The ./build directory becomes populated with only three files: index.js, config.js and a map file.
When I cd into the directory and launch the app with node index.js, I get the following error:
TypeError: Cannot read property 'logPath' of undefined
at Module.<anonymous> (/home/*/repo/build/index.js:1:2367)
at t (/home/*/repo/build/index.js:1:172)
at /home/*/repo/build/index.js:1:964
at Object.<anonymous> (/home/*/repo/build/index.js:1:973)
at Module._compile (module.js:652:30)
at Object.Module._extensions..js (module.js:663:10)
at Module.load (module.js:565:32)
at tryModuleLoad (module.js:505:12)
at Function.Module._load (module.js:497:3)
at Function.Module.runMain (module.js:693:10)
at startup (bootstrap_node.js:191:16)
at bootstrap_node.js:612:3
The top of the built config.js file looks like
"use strict";
Object.defineProperty(exports, "__esModule", { value: true });
exports.config = {
logPath: 'logs',
....
};
The webpack configuration I am using looks as such
const path = require('path');
const nodeExternals = require('webpack-node-externals');
function excludeConfig(context, request, callback) {
/config/.test(request)
? callback(null, 'require("./config.js")', + request)
: callback();
}
module.exports = {
entry: {
index: path.resolve(__dirname, './src/server/index.js')
},
module: {
rules: [
{
test: /\.ts$/,
loader: 'awesome-typescript-loader',
exclude: ['node_modules']
}, {
test: /\.js$/,
loader: 'source-map-loader',
enforce: 'pre'
}
]
},
resolve: {
extensions: ['.ts', '.tsx', '.js', '.jsx'],
modules: [path.resolve(__dirname, 'node_modules')]
},
devtool: 'source-map',
output: {
filename: 'index.js',
path: path.join(__dirname, '/build')
},
mode: 'production',
target: 'node',
externals: [
nodeExternals(),
excludeConfig
],
};
My config file is being built by gulp with the following strategy
const ts = require('gulp-typescript');
const tsProject = ts.createProject('tsconfig.json');
gulp.task('add-config', function () {
return gulp
.src('src/*config.ts')
.pipe(tsProject())
.pipe(gulp.dest('build'));
});
The tsconfig.json file looks as follows:
{
"compilerOptions": {
"outDir": "./build",
"allowJs": true,
"checkJs": false,
"module": "commonjs",
"target": "es5",
"moduleResolution": "node",
"lib": ["es2015", "dom"]
}
}
My hunch is that after the build the configuration file is not providing what the bundle is expecting.

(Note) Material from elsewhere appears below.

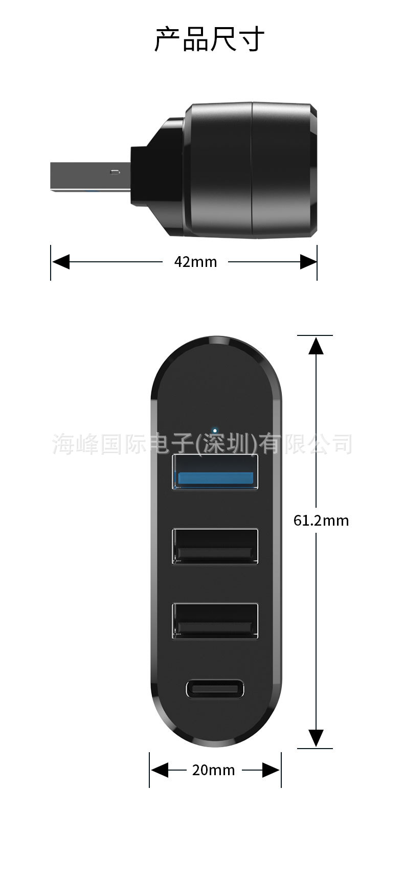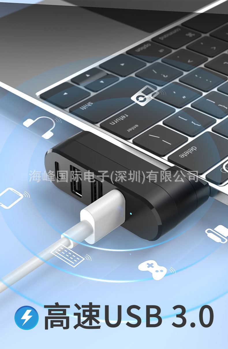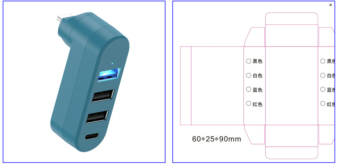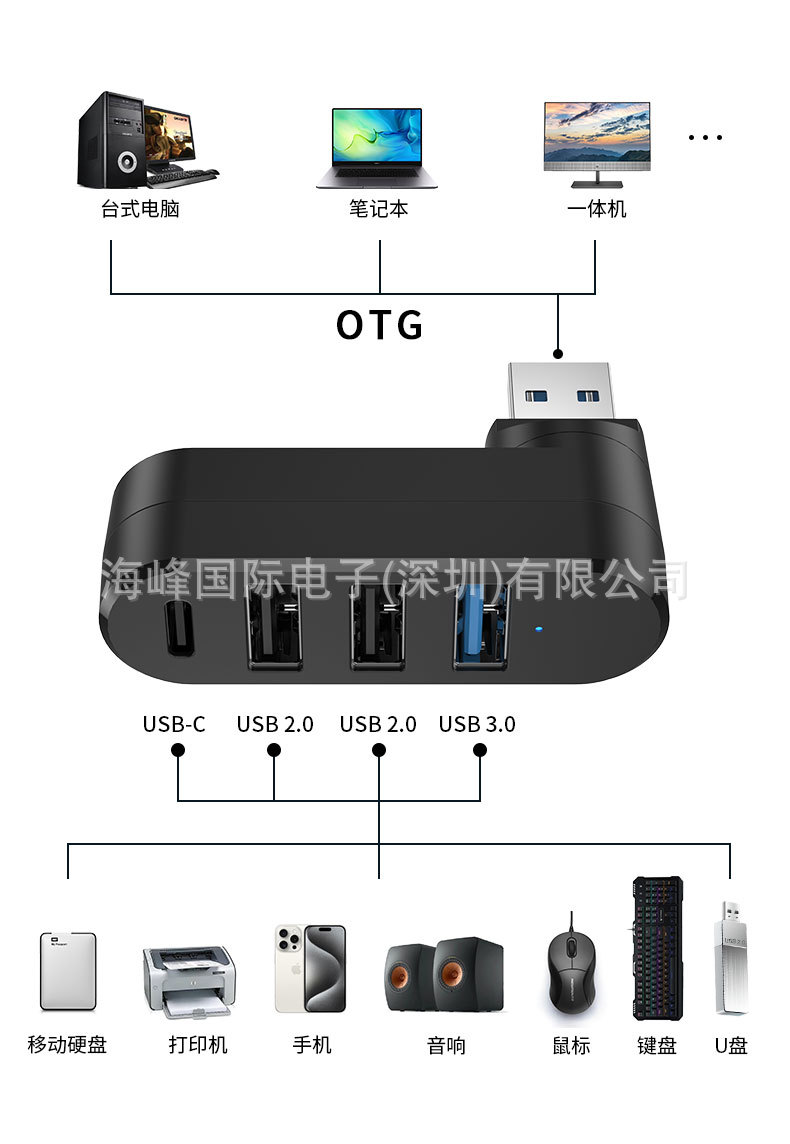 USB rotating HUB, suitable for notebook expansion, light and convenient, super compatible, high speed transmission.

The bundle does contain the following line:
function (e, r) { e.exports = require("./config.js") }
Any ideas on how I can make the bundle load the config.js file?

It seems that after much static analysis, and lack of a comprehensive understanding of the different ways to import modules, for some reason the bundle defines my config file to be a harmony import and attempts to retrieve a default from the file (which in my case I hadn't any).

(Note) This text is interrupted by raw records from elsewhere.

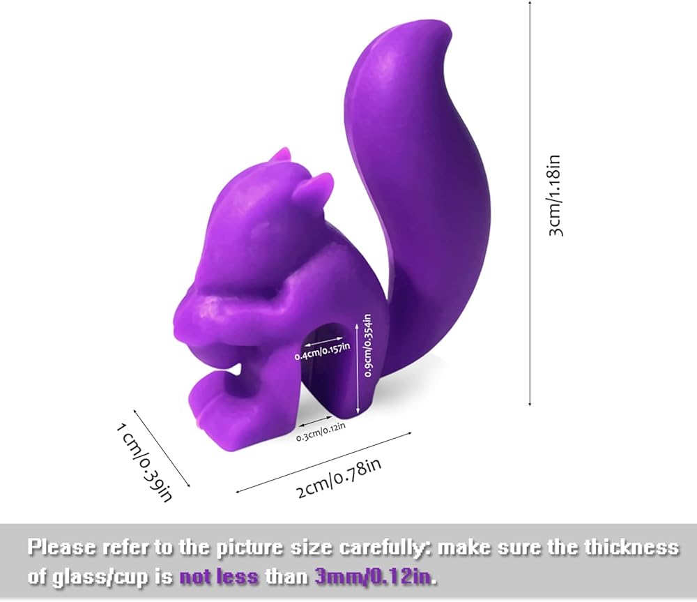 🐿️【المواصفات: أقلام تحديد للمشروبات 10 قطع، حاملات أكياس الشاي. 1*2*3 سم. يرجى الانتباه إلى حجم أخدود السنجاب الصغير. إذا كان سُمك الزجاج الخاص بك أقل من 0.3 سم/0.12 بوصة، فإن قلم تحديد كأس النبيذ هذا غير مناسب له.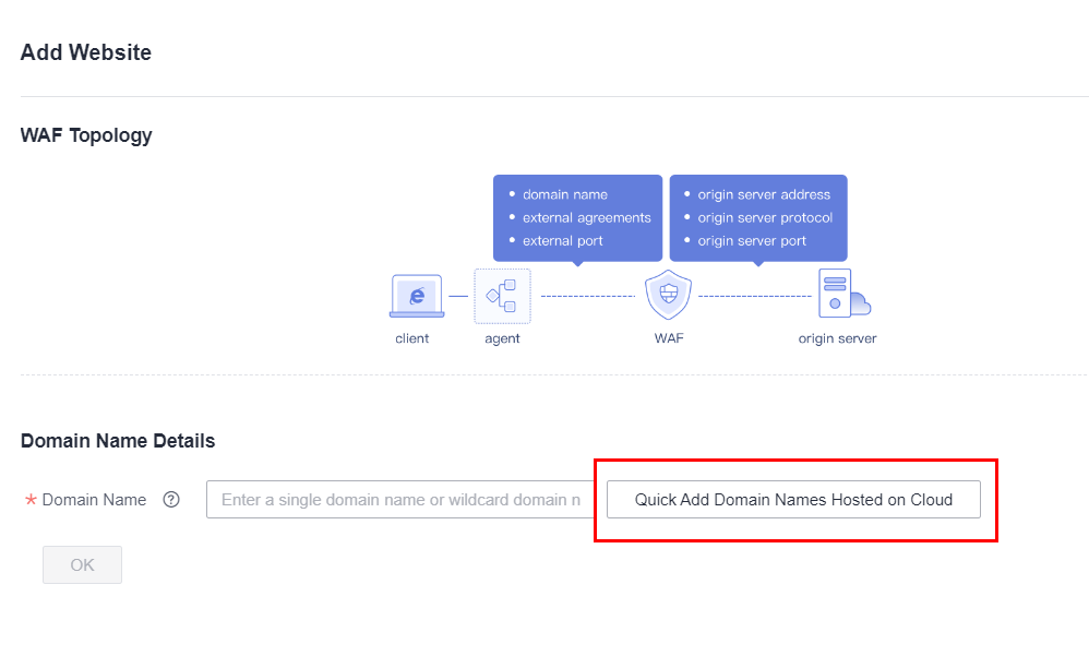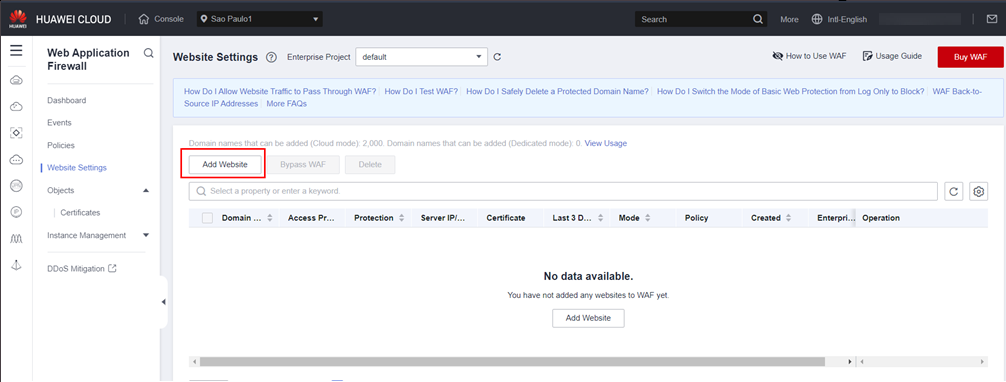 To secure your website with WAF, navigate to the WAF console and access the “Website Settings” section. Then, proceed to add the desired website by following these steps: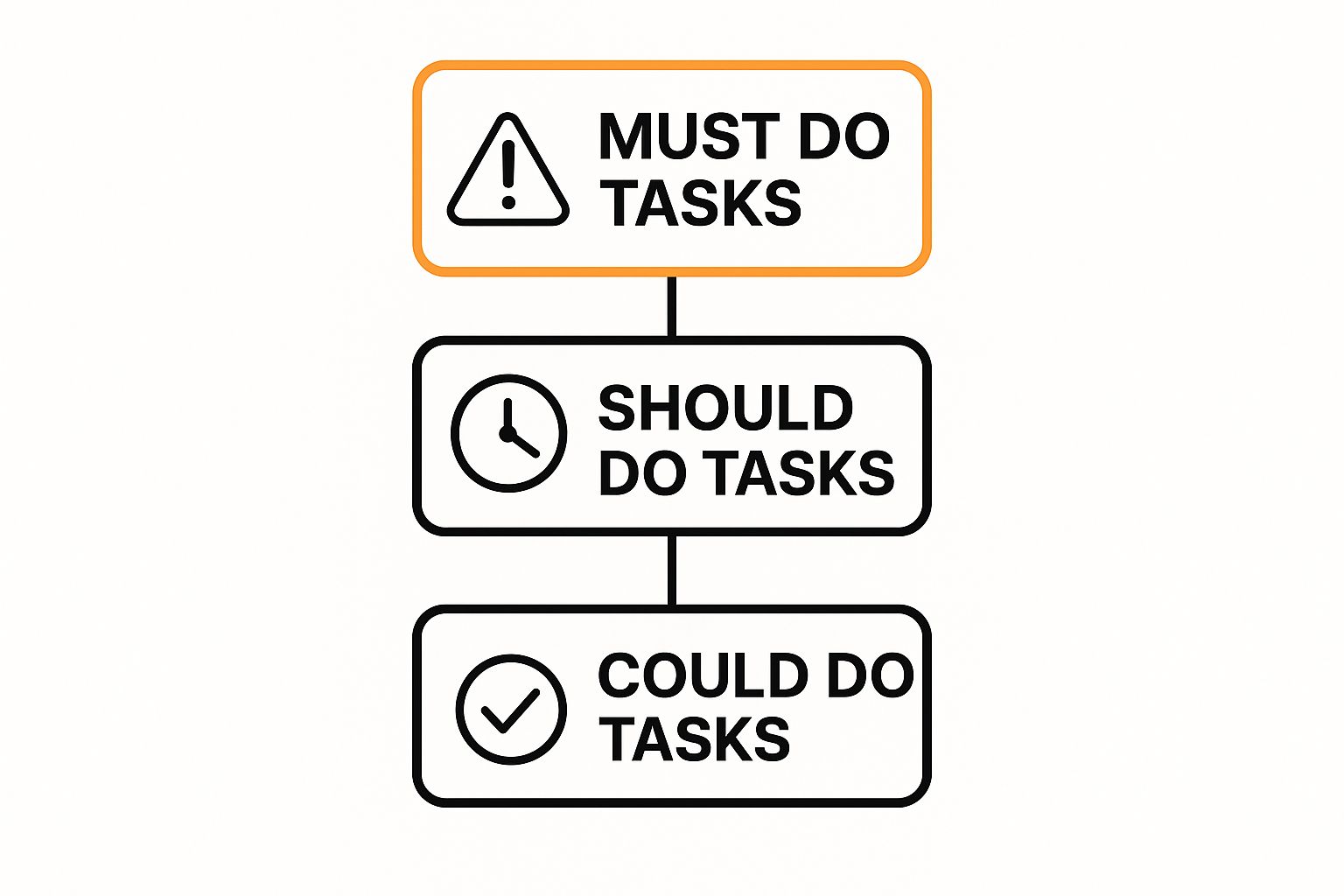 The image clearly separates tasks into "Must Do," "Should Do," and "Could Do" tiers, which is perfect for helping you focus on what's truly essential at any given moment.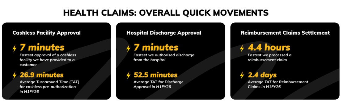 · Cashless Pre-Authorization: In H1FY26, our average turnaround time stood at 26.9 minutes, with the fastest approval delivered in just 7 minutes. (IRDAI TAT requirement*: 1 hour)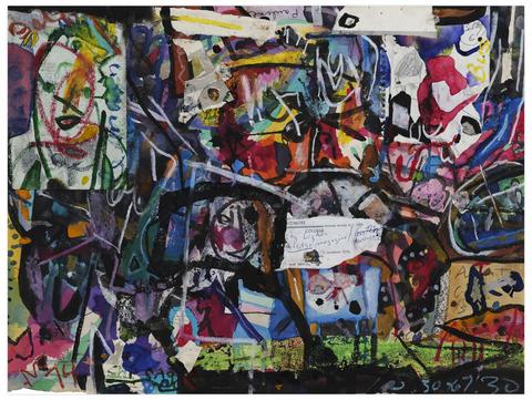 aquarelle, gouache, encre, stylo à bille, graphite et collage sur papier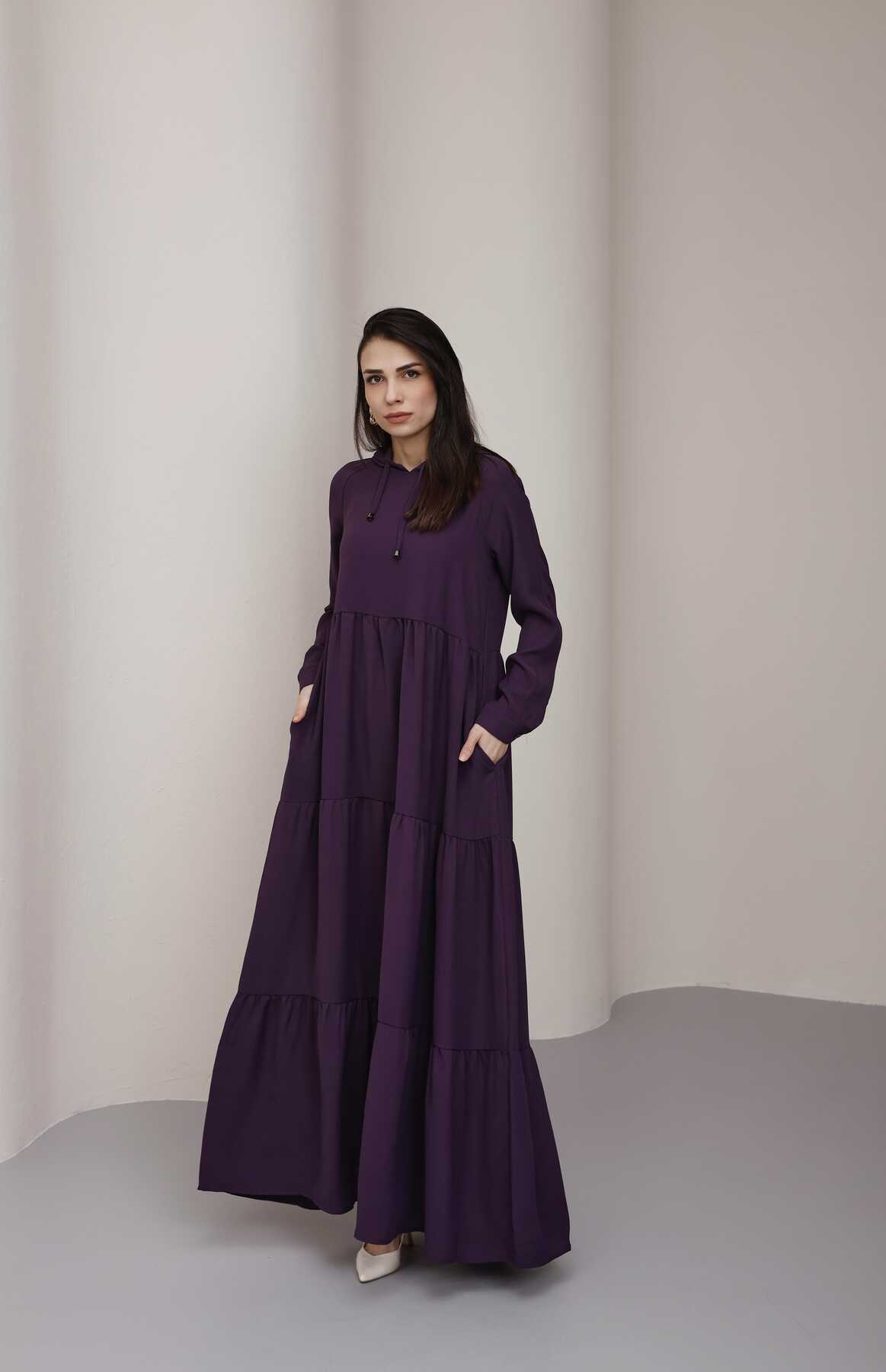 - Ürün Adı : 6531-Berlin Kapşonlu Reglan Kollu Elbise Mürdüm

There are two fixes available (both worked fine):
change the import style away from using defaults by using brackets around the import (I don't know why I prefer this)

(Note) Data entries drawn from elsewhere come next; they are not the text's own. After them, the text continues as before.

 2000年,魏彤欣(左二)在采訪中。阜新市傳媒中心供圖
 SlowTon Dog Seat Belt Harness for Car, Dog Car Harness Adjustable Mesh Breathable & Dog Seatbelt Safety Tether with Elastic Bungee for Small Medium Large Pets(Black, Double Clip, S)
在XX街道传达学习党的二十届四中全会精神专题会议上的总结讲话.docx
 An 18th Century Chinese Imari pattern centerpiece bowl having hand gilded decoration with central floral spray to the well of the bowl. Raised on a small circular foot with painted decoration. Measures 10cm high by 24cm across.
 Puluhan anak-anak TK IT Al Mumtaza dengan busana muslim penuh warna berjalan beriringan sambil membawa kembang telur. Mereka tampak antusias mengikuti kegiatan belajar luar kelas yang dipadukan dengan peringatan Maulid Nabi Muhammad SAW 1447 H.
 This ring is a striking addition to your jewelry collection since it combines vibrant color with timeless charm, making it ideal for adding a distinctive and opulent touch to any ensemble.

import { config } from './../../config';
change the export style and adopt the default route
export default <Config>{
logPath: 'logs',
...
};
To be honest, I don't know why this worked before when this project had still not started the migration to TypeScript. I know that everything babel related was removed before I started so I can't get my head around it.
Webpack Internals
The module loader looks like this:
(function(module, exports) {
module.exports = require("./config.js");
})
It is then passed on to another module and loaded as follows:
/* harmony import */ var _config__WEBPACK_IMPORTED_MODULE_1__ = __webpack_require__(/*! ./../../config */ "./../config");
/* harmony import */ var _config__WEBPACK_IMPORTED_MODULE_1___default = /*#__PURE__*/__webpack_require__.n(_config__WEBPACK_IMPORTED_MODULE_1__);
const PATH = _config__WEBPACK_IMPORTED_MODULE_1___default.a.logPath.replace(/\/*$/, '');
Notice how _config__WEBPACK_IMPORTED_MODULE_1__ already has the contents of my configuration object. However, webpack sends it into a function n which encapsulates the import into a getter function on member a. This encapsulation resolves to using default if the module was marked as an esModule
__webpack_require__.n = function(module) {
var getter = module && module.__esModule ?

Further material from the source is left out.